What if You Want Out?

Know How to Get Out of Teen Dating Violence

  • Alert the school counselor or security officer.
  • Avoid being alone at school, your job, on the way to and from places.
  • Do not meet your partner alone. Do not let him or her in your home or car when you are alone.
  • Keep a daily log of the abuse.
  • Plan and rehearse what you would do if your partner became abusive.
  • Tell your parents, a friend, a counselor, a clergyman, or someone else whom you trust and who can help.
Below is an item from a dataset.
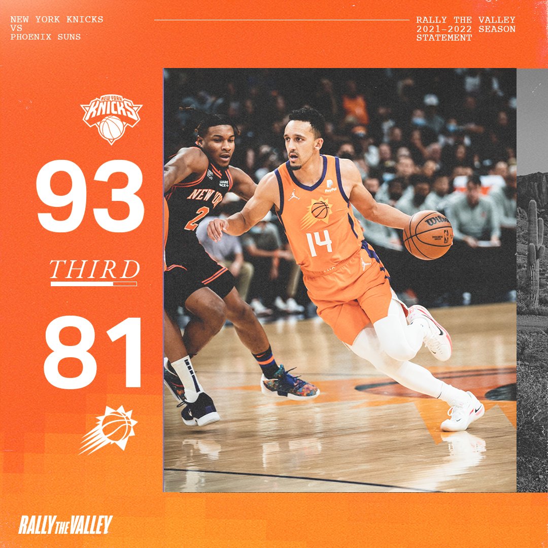 Knicks vs. Suns: Play-by-play, highlights and reactions ... 2 days ago · The New York Knicks (25-38) play against the Phoenix Suns (12-12) at Footprint Center . Game Time: 10:00 PM EST on Friday March 4, 2022. New York Knicks 114, Phoenix Suns 115 (Final) New York Knicks vs Phoenix Suns May 7, 2021 Game Summary ... The Knicks are trying to fend off the Hawks, Heat and Celtics for the No. 4 seed in the Eastern Conference. The Suns led by 13 at one point in the first but the Knicks rallied to take a 33-30 lead...
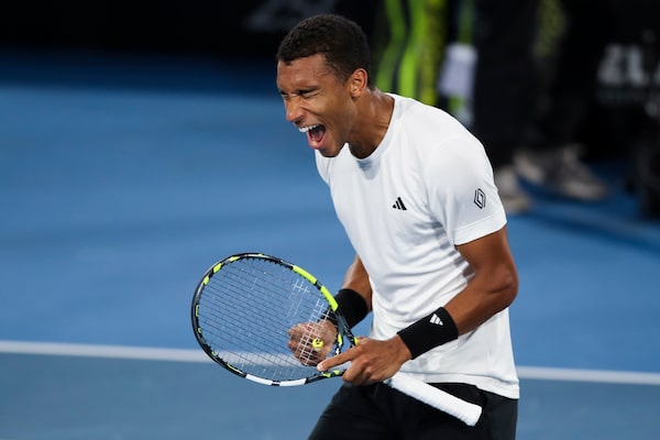 Felix Auger-Aliassime of Canada reacts after defeating Sebastian Korda of the United States in the men's final of the Adelaide International in Australia on Jan. 11.Matt Turner/The Associated Press

The more isolated you are from friends and family, the more control the abuser has over you.
  • Tell someone where you are going and when you plan to be back.

Being a Friend to a Victim of Abuse

Most teens talk to other teens about their problems. If a friend tells you he or she is being victimized, here are some suggestions on how you can help.

  • Call the police if you witness an assault. Tell an adult - a school principal, parent, guidance counselor.
  • Encourage them to confide in a trusted adult. Talk to a trusted adult if you believe the situation is getting worse. Offer to go with them for help.
  • Express your concerns. Tell your friend you're worried. Support, don't judge.
  • If you notice a friend is in an abusive relationship, don't ignore signs of abuse. Talk to your friend.
  • Point out your friend's strengths - many people in abusive relationships are no longer capable of seeing their own abilities and gifts.
  • Never put yourself in a dangerous situation with the victim's partner. Don't be a mediator.